I’ll give you some examples from my own life:
Health/Wellbeing – gym 3 times a week
Family/Friends – 2 catch ups per week
Personal growth – journal weekly
Fun/recreation – engage in a non-related work hobby regularly (dancing) fortnightly
Keeping in mind that the term is 10 weeks long – what can wait till the holidays so you don’t have to worry about it now?
Tools for time management:
Visual Planner – I use this even now!
So you’ve been given an essay – break it into chunks: how much time, writing, research – work backwards from the due date so you can free your head from freaking out – you can say ‘don’t worry, on such and such… we’re researching…’
Your head is for having ideas, not for storing them.
Your mind is the worst calendar or to-do list you can have. Because your memory is often sporadic, if you try to keep all the things you are supposed to do in a day in your head, you’ll have flashes of anxiety throughout the day that you’ve forgotten something or that one task is of particular importance. Take that pressure off your mind by creating a to-do list or a calendar or both. And when you have an idea that’s only half-done, write it down so you can refer to it later. Let your mind take on big tasks like being creative and focusing on strategy, instead of minimal stuff a piece of paper could handle.
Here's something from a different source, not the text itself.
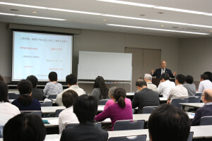 講 師:加藤 眞三(慶應義塾大学看護医療学部教授) 講座要旨: 「第159回大本公開講座」は、5月18日午後7時から、港区新橋の航空会館で開催され、加藤眞三慶應義塾大学看護医療学部教授が「患者の力を身につける~がんの時代を生き抜くために~」と題して講演した。参加者は51人(内、一般18人)。 講座では、「大本が説くように、時代はあらゆる分野で大転換期を迎えている。医学・医療も同じで、がんについても同じことがいえる。現代医療はさまざまな選択肢が患者に与えられている。患者力を高め、賢く生き抜くことが必要」と結んだ。 参加者からは、「がんと生活習慣の関係等、新たな知識が増え、大変勉強になった(女性・一般)」等の声が寄せられた。 |

Something else to keep in mind is when your brain does its best work.
Who feels best in the morning? The evening? All day Saturday?
This is really good information on yourself because you can use that to schedule in research time, writing time, revision time.
If you think best first thing in the morning, respect that and get a good night’s sleep the night before so you can get up and smash an assignment out, leaving you free for the rest of the day.
If you work best in the evening, have your dinner and then get yourself to your work space and get it done.
Experiment with different times of the day and night if you aren’t sure. See what feels good and use that information for the rest of the school year.
When I was at school I would feel guilty whenever I wasn’t studying or completing an assignment, scheduling things into my calendar gave my head a rest, whenever I’d panic over something I could talk myself down because I knew I had the time.
Nerves is not necessarily a bad thing either – using them correctly to get things done is great. It’s when you can’t rest that it becomes an issue.
Studies show that students who meditate before an exam perform better than students who do not;
Mindfulness practice can improve concentration; and
Mindfulness-based interventions have been demonstrated to reduce the symptoms of anxiety, stress and depression.
Finding what works for you to make yourself calm is a lifelong journey.
Try collecting tools from people around you that you find inspiring.
A few that work for me is wiggling my toes to feel that I am here; this is what I have to work with.
Also, when I need to concentrate on reading something and my thoughts are going in many directions I try this tool: I pretend that there’s a guest speaker and it’s time to give them my attention as they “read” me the material.
Identifying what you can control and what is outside of your control is very grounding as well. You can actually check out Headspace for other resources.
Thinking about Phones and Sleeping
Mindfulness continues when thinking about phones too.
When are you using your phone?
Why are you using it?
Are you using it for a purpose or just because you’re bored?
How do you feel about your use?
Many studies have shown that limiting screen time in the period leading up to bedtime is beneficial for sleep.
If possible it’s good to keep electronic devices away from your bed overnight, or even better removed from the room. Maybe in your arrival area you can have a phone tray?
Maybe you could even use an old school alarm clock so you don’t have to touch your phone first thing in the morning.
Personally, I pop my phone on flight mode at night time so it feels like the rest of the world is on pause while I sleep.
So with all that in mind, what can you do to transform your own bedroom into a space that’s organised and ready for all parts of your life?